Get rid of welfare and just give every adult $870/mo

Not without free limitless energy in at least fusion-level amounts plus matter replication technology. It's all about as equally farfetched.
We have the capability for at least half of that right now.
The trouble is, no current generation has ever wanted to sacrifice their existence to make sure that all the following generations will have it easy because that's "not fair."
People just aren't willing to sacrifice themselves as individuals for the success of the entire species.

--Patrick
 
Not without free limitless energy in at least fusion-level amounts plus matter replication technology. It's all about as equally farfetched.
Energy production isn't even the issue anymore (in the US anyway)... it's energy transfer and storage. We can make cars and trucks that work with electrical energy just fine, but you still need to carry around a bazillion batteries that need to be replaced every ten years, and you still need to plug the thing in for hours at your home. Same with homes: you really can't effectively run a house on solar energy without a pretty hefty space commitment for batteries and that only works when you don't need to blow AC/Heat 24 hours a day.

We're not there quite yet, but we're almost.
 

GasBandit

Staff member
The sun doesn't always shine, the wind doesn't always blow, or sometimes it blows too hard. We're not close to limitless free energy, and yeah, batteries are a problem. Wake me when Doc is installing Mr Fusion on his delorean.
 
The sun doesn't always shine, the wind doesn't always blow, or sometimes it blows too hard. We're not close to limitless free energy, and yeah, batteries are a problem. Wake me when Doc is installing Mr Fusion on his delorean.
Wasn't that 2015?

--Patrick
 
Energy production isn't even the issue anymore (in the US anyway)... it's energy transfer and storage. We can make cars and trucks that work with electrical energy just fine, but you still need to carry around a bazillion batteries that need to be replaced every ten years, and you still need to plug the thing in for hours at your home. Same with homes: you really can't effectively run a house on solar energy without a pretty hefty space commitment for batteries and that only works when you don't need to blow AC/Heat 24 hours a day.

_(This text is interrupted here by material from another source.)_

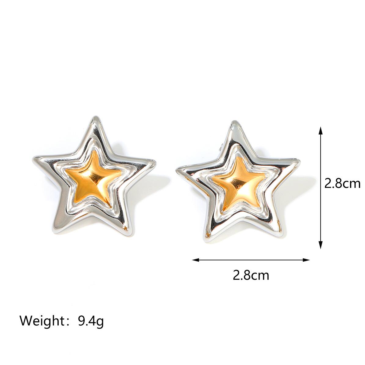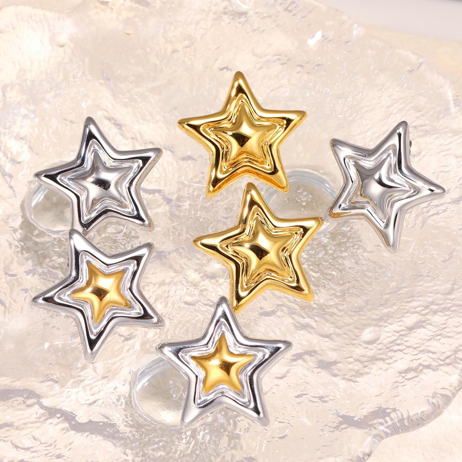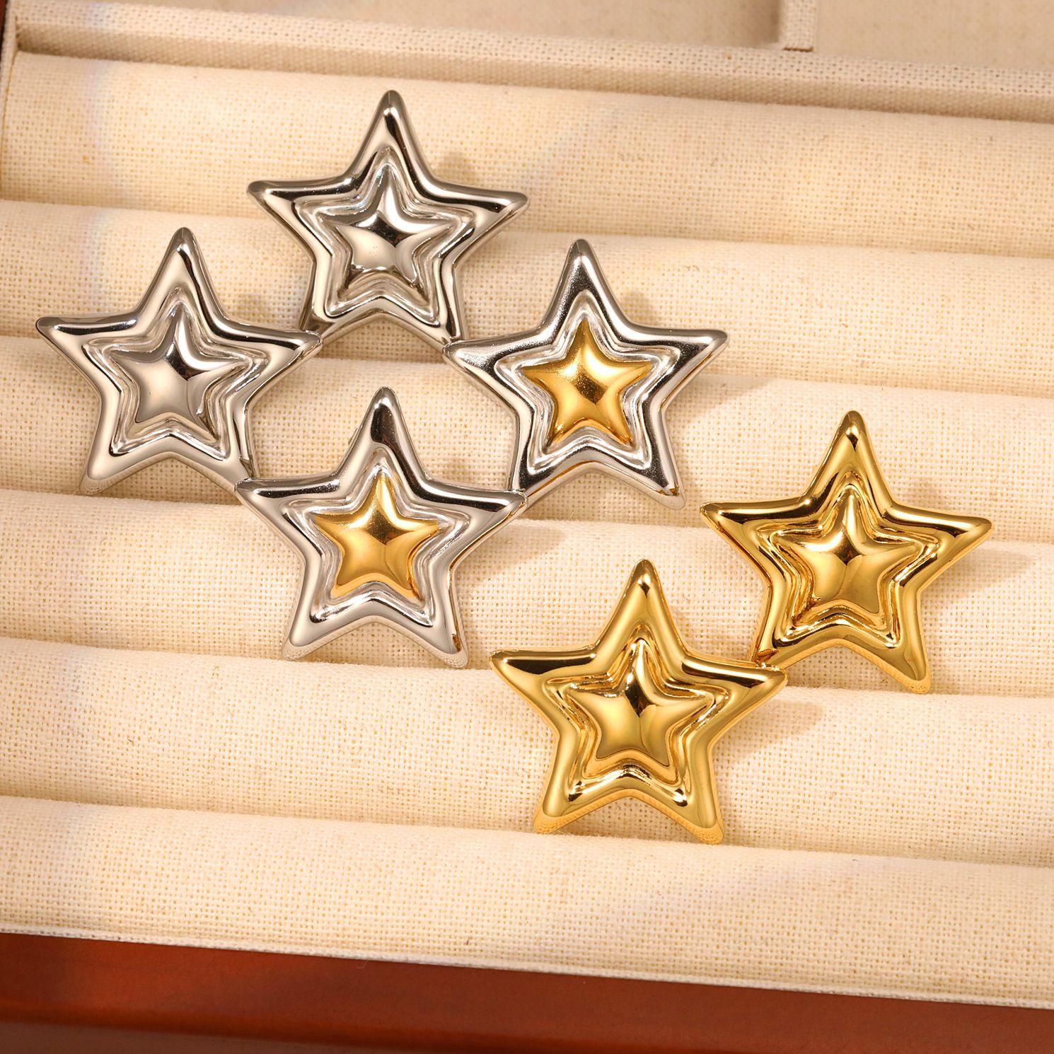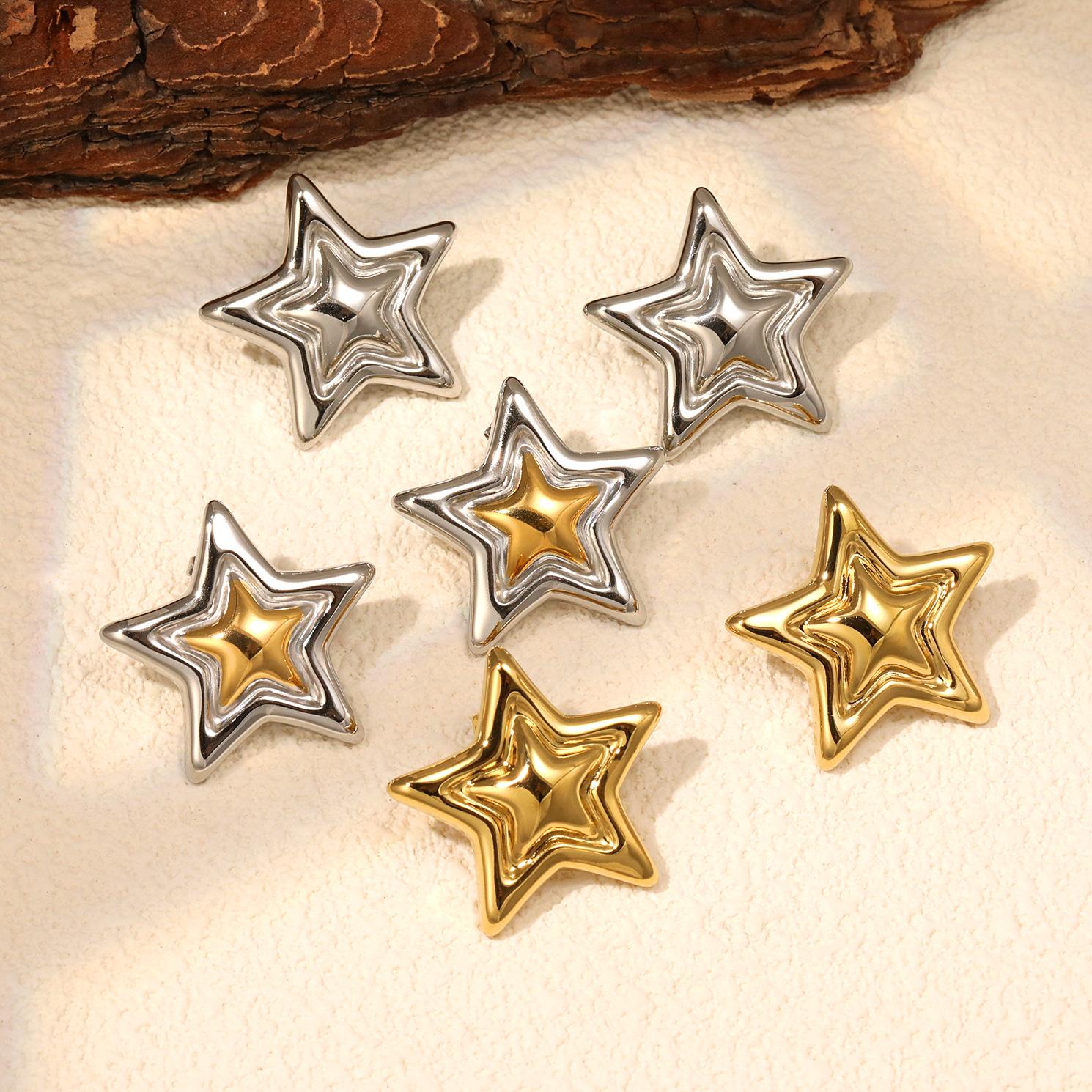 Pendientes de estrella de cinco puntas anidados multicapa estilo Ins de acero inoxidable acero titanio chapado en oro de 18 quilates y combinación de colores plata pendientes pendientes

We're not there quite yet, but we're almost.
If you think that domestic energy consumption even holds a CANDLE up against commercial and industrial usage, you are fooling yourself, and those around you. The real consumers are industry, quickly followed by any building bigger than a house. There are SINGLE MACHINES in the mining industry that consume the equivalent of more than 10,000 houses worth of energy (coal mining btw, I'm thinking of a large machine in Germany). And it's WORTH IT to use that on a net-gain of energy basis. You think you're doing awesome changing to CFLs/LEDs? HA! You are a drop in the bucket.

And that's not even addressing the production problem. When they start deploying mass nuclear (hopefully using LFTR reactors, as that's actually safe, and not a barely-controlled radioactive steam bomb waiting to go off) then call and say you've "solved" the energy problem.
 
Looks like Finland's experiment is going forward. It's a small test, and falls short of a typical basic income - it won't meet their needs for housing and food, for instance, covering housing for most, maybe, but not all their needs. It's also limited to 2,000 participants who are currently unemployed and will replace their current welfare programs, although they will still be eligible for "in kind" programs provided to all welfare recipients.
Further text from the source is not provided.